En los juicios de 1985 solo fueron condenados cinco represores (Jorge Rafael Videla, Emilio Eduardo Massera, Roberto Viola, Armando Lambruschini y Orlando Agosti). Otros cuatro lograron la absolución (Omar Graffigna, Leopoldo Fortunato Galtieri, Jorge Isaac Anaya y Basilio Lami Dozo).
Al año siguiente se emitieron las leyes de Obediencia Debida y Punto Final, que blindaron judicialmente a miles de militares, civiles y miembros de la Iglesia que habían participado en los crímenes y que, gracias a estas normas, permanecieron impunes durante años.

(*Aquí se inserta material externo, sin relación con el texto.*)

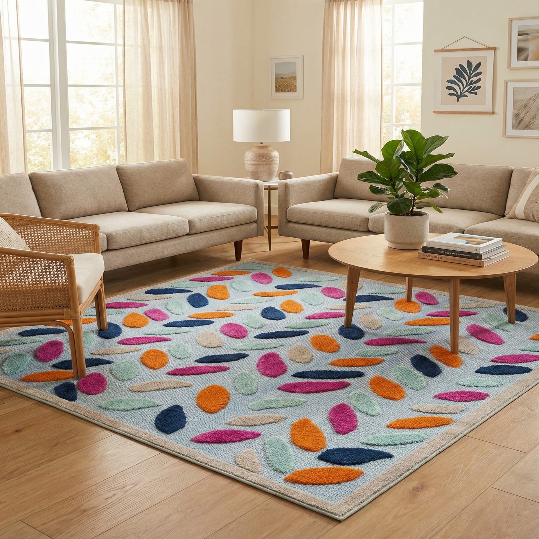 A playful, modern leaf motif rides across a soft blue field, each oval-shaped leaf cut in lively shades of navy blue, orange, pink, light blue, gold and gray. The pattern is arranged in offset rows for a sense of movement while maintaining an orderly, contemporary look. Running your hand over the surface, you’ll notice a subtle contrast between the low, woven background and the plush, raised cut-pile leaves — a tactile mix that invites bare feet and adds visual interest without heaviness.

El argumento central fue que para lograr "la reconciliación nacional", Argentina necesitaba poner "punto final" a la violencia política de las décadas anteriores, y que, además, los militares subordinados no tenían responsabilidad porque solo habían "obedecido" órdenes.
Además, en 1990, el entonces presidente Carlos Menem indultó a los pocos militares que estaban en prisión y a los líderes de las organizaciones guerrilleras condenados en juicios paralelos.
Resistencia
En medio de esas oscilaciones, los organismos de derechos humanos, siempre encabezados por Madres y Abuelas, y en los que participaban sobrevivientes, mantuvieron su reclamo de justicia sin el respaldo de los gobiernos de turno, los medios de comunicación o de gran parte de la sociedad, que prefería apostar a que se "olvidara" la dictadura a pesar de que miles de personas seguían desaparecidas.

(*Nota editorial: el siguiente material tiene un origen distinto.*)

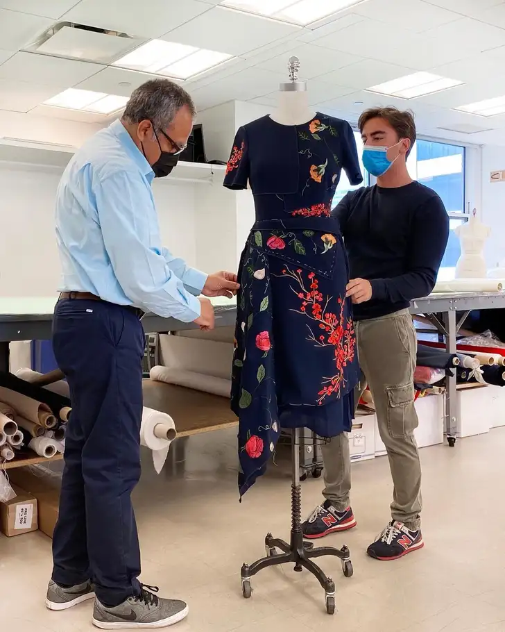 De jurk heeft een asymmetrische draperie waar Oscar de la Renta om bekend staat en vrolijke geborduurde bloemen. Co-creative director Fernando Garcian en kleermaker Luis leggen er hier de laatste hand aan, voor Jill hem zou dragen op de avond dat haar man Joe tot winnaar van de verkiezingen werd uitgeroepen. Eronder droeg ze een paar Katience pumps van Jimmy Choo.

Todo ello cambió en 2003, cuando Néstor Kirchner asumió el poder. "Somos hijos y nietos de las Madres y Abuelas de Plaza de Mayo", dijo en Naciones Unidas un año antes de pedir perdón en nombre del Estado por los crímenes cometidos durante la dictadura. En esa línea, promovió la reactivación de los juicios que continúan hasta ahora y que han permitido cientos de sentencias.

Por primera vez, con Kirchner, el discurso oficial hacia la dictadura fue de condena plena a los represores y de apoyo incondicional a los organismos de derechos humanos, que contaron con un inédito respaldo económico, político y social.
Esa postura, sin embargo, ha sido criticada en el nuevo documental divulgado por el Ejecutivo de Milei. En el audiovisual publicado hoy, se menciona que "en el año 2003, el Gobierno nacional argentino lanzó una masiva campaña política empleando cuantiosos recursos públicos para imponer en la sociedad un relato sobre los trágicos acontecimientos de la década del 70, con una visión sesgada y revanchista cuyo objetivo ulterior era el de beneficiar económicamente a unos pocos y ganar rédito político para construir nuevas mayorías de poder".
En 2015, el clima volvió a cambiar con la llegada del presidente Mauricio Macri, quien criticaba "el curro de los derechos humanos", consideraba que la dictadura era algo del "pasado" y decía que no le "interesaba" el número de desaparecidos.
Macri reinstaló la "teoría de los dos demonios" y se enfrentó a los organismos que comenzaron a ser cuestionados públicamente, además de que se les restaron los financiamientos oficiales que se repusieron durante el Gobierno de Alberto Fernández (2019-2023), pero que perdieron por completo a partir de la llegada de Milei al poder.